The Church of Bible Understanding (first known as the Forever Family) was founded in Allentown, Pennsylvania, in 1971 by Stewart Traill (1936–2018). It is a communal organization, teaching a form of evangelical Christianity.

Beginnings 
In the 1970s, with its headquarters in New York, it developed into a controversial network of churches with 10,000 members and 110 communes at its peak, but only a few hundred members in later years.

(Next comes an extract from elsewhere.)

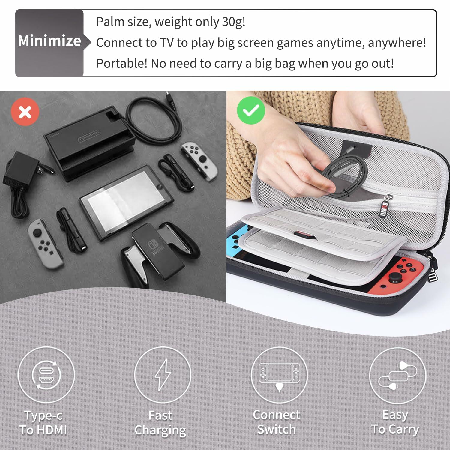 - 【Lightweight & Fashion Design 】Switch MINI Dock is only as big as a palm. You can put it in your handbag or computer bag and enjoy TV games anytime, anywhere. It is an ideal choice for going out, traveling and partying. Note: Switch Lite is not supported because Switch Lite has no screen projection function.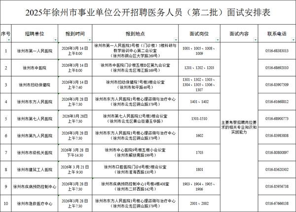 根据《2025年徐州市事业单位公开招聘医务人员(第二批)公告》要求,现将徐州市事业单位公开招聘医务人员(第二批)面试有关事项通知如下:

Traill underwent a conversion experience in the early 1970s in Allentown, joined a Pentecostal church from which he was expelled, and began teaching Bible and developing a following. He changed the name of the "Forever Family" to the "Church of Bible Understanding" in 1976. Ex-members complained that they worked for very low wages, with all the money going to the church. The group had a communal lifestyle, with Traill maintaining that only he can understand the true meaning of the words of God. Traill encourages his group members to break off contact with their families. Over time, the members decreased in number.
The group has been accused of being a cult, and it has been estimated that Traill became a millionaire from it.  

Rev. Bruce Ritter of Covenant House accused The Church of Bible Understanding of enticing 17 youth out of the shelter with promises of salvation, and a state court enjoined them from housing or transporting youth under age 18 without parental permission.

Business Ventures 
With a carpet-cleaning business, "Christian Brothers Carpet Cleaning", they were the inspiration for Seinfelds "Sunshine Carpet Cleaning Cult". They also started a used-van business as a commercial venture.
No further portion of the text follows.